Петербургский театральный журнал
Блог «ПТЖ» — это отдельное СМИ, живущее в режиме общероссийской театральной газеты. Когда-то один из создателей журнала Леонид Попов делал в «ПТЖ» раздел «Фигаро» (Фигаро здесь, Фигаро там). Лене Попову мы и посвящаем наш блог.
16+

25 января 2017

СЛУЧАЙНАЯ СМЕРТЬ

«Гроза». А. Островский.
Краснодарский молодежный театр.
Режиссер Даниил Безносов, художник Настя Васильева.

В последние пару сезонов «Грозу» ставят много — авангардный спектакль Андрея Могучего номинирован на «Золотую Маску», в Театре Наций приступил к репетициям Евгений Марчелли.
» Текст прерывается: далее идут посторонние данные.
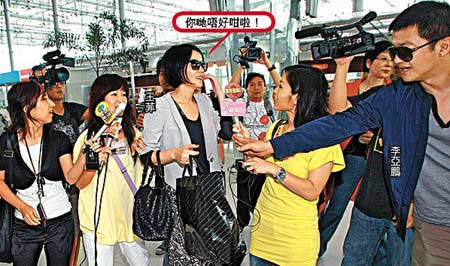 帶備多箱酒送給嘉玲的李亞鵬,與王菲及靖童于昨晨10時(shí)半左右出現(xiàn)曼谷機(jī)場(chǎng),隨即引起大混亂,10多名記者及3間電視臺(tái)攝制隊(duì)將王菲重重包圍,又將麥克風(fēng)遞向王菲她講兩句,她卻說(shuō):“我趕時(shí)間了!”

Так часто бывает — время само выбирает тексты, классические или современные, находя в них возможность самовыражения. Пьеса Островского, несмотря на полуторавековой опыт постановок, разные социальные и исторические нюансы, снова и снова обживает российскую сцену, то настаивая на правоте Кабанихи, собирательнице семьи, как это было в спектакле Льва Эренбурга, то открывая анархическую энергию бунта в скромнице Катерине.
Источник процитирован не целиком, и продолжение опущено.